There were a lot of trucks on the road as usual – always in a hurry, always getting in everyone’s way. One came barreling up behind me while I was passing someone. He just couldn’t wait. He almost gave me a push. I got back in the right lane when I could, but I took my sweet time to make him wait. He just about ran me off the road flying past. I decided to show him who was boss. I sped up and pulled back in the left lane. It would take a minute to get up enough speed, but I’d crawl up on his butt and see how he liked it till I could fly past him.
That decision was the worst one I ever made. We almost made it. But fast-moving trucks displace a lot of air and leave a vacuum in their wake. At the speed I was going, the Blazer never had a chance. The Hi-Lo began to sway back and forth, gently at first, then more violently. The Blazer started to fishtail. The Hi-Lo danced until it flipped. The Blazer, still attached, went with it. Spinning around, it rolled over, again and again – off the road and into the grass. Rubber and glass and metal bounced and scraped and cracked. The world turned upside down. Finally, it stood still. The scene was surreal. At some point the camper came off the car. There wasn’t much left of it – just a field of debris. The car was wrecked. Mike and I were still breathing. We were speaking. Dazed and confused, unsure of what had happened, we were unharmed when we should have been dead. When a cop stopped to see what had happened, it never occurred to us to say that Mike had been driving. Mike had quit drinking eight years before.
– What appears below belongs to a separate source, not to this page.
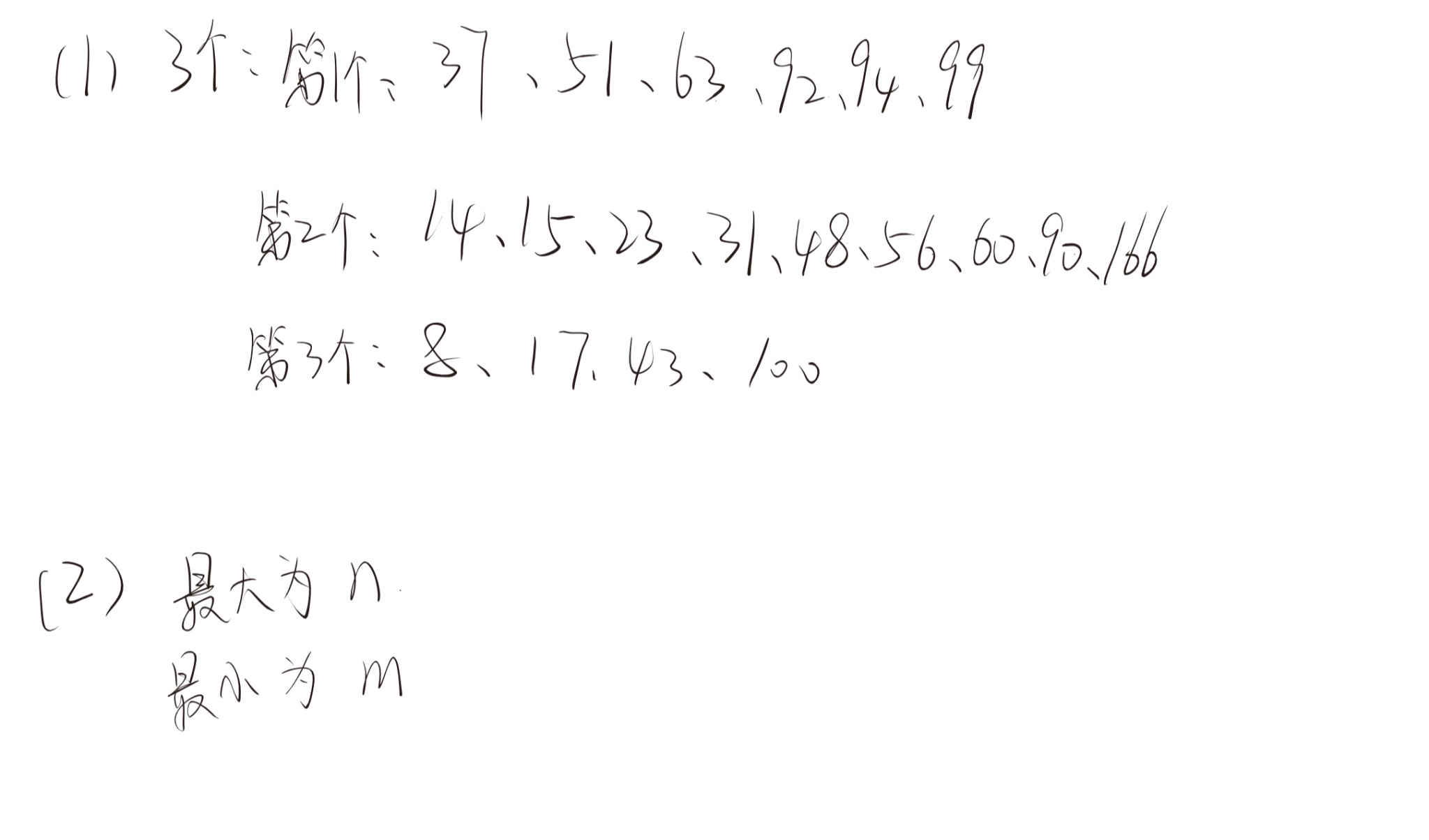 学生答案正确指出最大长度为n,最小长度为m,与标准答案完全一致。虽然表述较为简洁,但核心逻辑正确。根据评分规则,思路正确不扣分。得2分。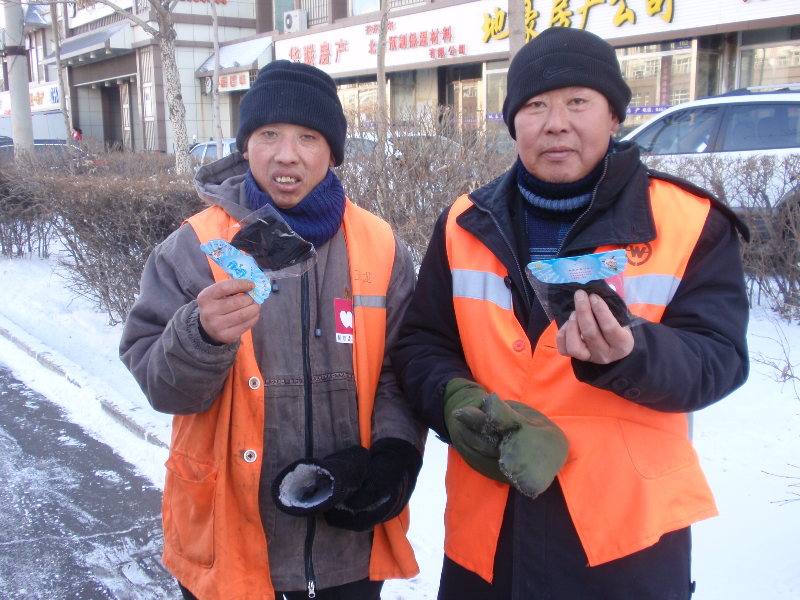 环卫工人的一句句感谢是那么朴实,那么真挚,又那么欣慰,那么幸福,这让志愿者们的脸上也挂满了笑容。望着那一张张被冻得通红的满是皱纹的脸,握着那一双双被冻得僵硬的手,志愿者们关切地送上一句句叮嘱。看着面前这一群一脸认真和关切的年轻人,此时还握着铁锹的他们的眼中装满了感动。也许小小的礼物不能为他们减少多少工作时的辛苦,但我们的这个活动至少让他们感受到了被关注、被关怀的温暖,这也正是这次志愿活动的目的所在。”

It never occurred to us that my blood alcohol content might be over the legal limit but the cop was suspicious. It never occurred to me that Mike and I might both be arrested and put in handcuffs in the back of a patrol car. Not what I was expecting, but this is what happened. Life is what happens when you’re making other plans. Sooner or later bad habits catch up with you. I was charged with driving under the influence – just barely – but enough to make my life miserable for a couple of years. I can’t say it was the first time I’d ever been guilty of this, but I can say it was the last. Worse than the disgrace of being handcuffed was the shock of being put behind bars in a holding cell for half an hour. The only saving grace in this bizarre succession of events was having enough cash in our possession – nearly a thousand dollars – to bail ourselves out.
There has never been a time in my life when I felt worse about myself than this. I could have killed my best friend as well as myself. I destroyed his car and his camper. I ruined our vacation. He was paying the price for my poor judgment. The possibility that I could be sent to prison for a year – highly unlikely as that was – terrified me. My driver’s license had been confiscated. Mike stood by me through it all. I don’t know what I would have done without him.
The next morning Mike and I picked up the pieces of what would have been our vacation at the salvage yard where his car and camper had been towed. We also returned to the scene of the accident to look for his video camera. Adding insult to injury, it was nowhere to be found. We rented a vehicle for the long ride home. We were grateful to be alive. I was already beginning to see the light. I knew things had to change. This was my wake-up call. I’d had my last drink. It was high time.
A very high percentage of cases involving driving under the influence result in conviction. Mine was no exception. The charge against Mike – bogus to begin with – was dropped as part of the deal. For a year the legal ordeal dragged on. It cost me a small fortune. Then Florida suspended my license for a year, though I was allowed to drive for ‘business purposes.’ I interpreted that to mean everything but joyriding, but I always wore a clergy shirt in the car in case I was stopped. I was able to get insurance but it didn’t come cheap. My second biggest fear was being recognized by someone at DUI school, but I wasn’t. I told people I was in an accident. No one knew more than that.
In retrospect, excessive speed, the laws of physics, and drinking all played a part in the crash. But my bad attitude played the biggest part of all. Alcohol had been fueling that for a long time. I just hadn’t seen it. My grandiosity and aggressiveness behind the wheel – and elsewhere in life – were the result. My relationships had been suffering for a long time. I sensed something was wrong but I didn’t know what. I was never a falling down drunk, so I didn’t have a problem. I was in denial – not intentionally – I just didn’t get it. I underestimated the powerful and baffling effect alcohol was gaining in my life. I didn’t recognize the increasing impairment of my thinking, feeling, speaking, and acting. A few other people – like Mike – did, but until I was ready, that didn’t do me any good. Finally I was. The appointed time had come. Like Paul, God finally got my attention. The scales were beginning to fall from my eyes.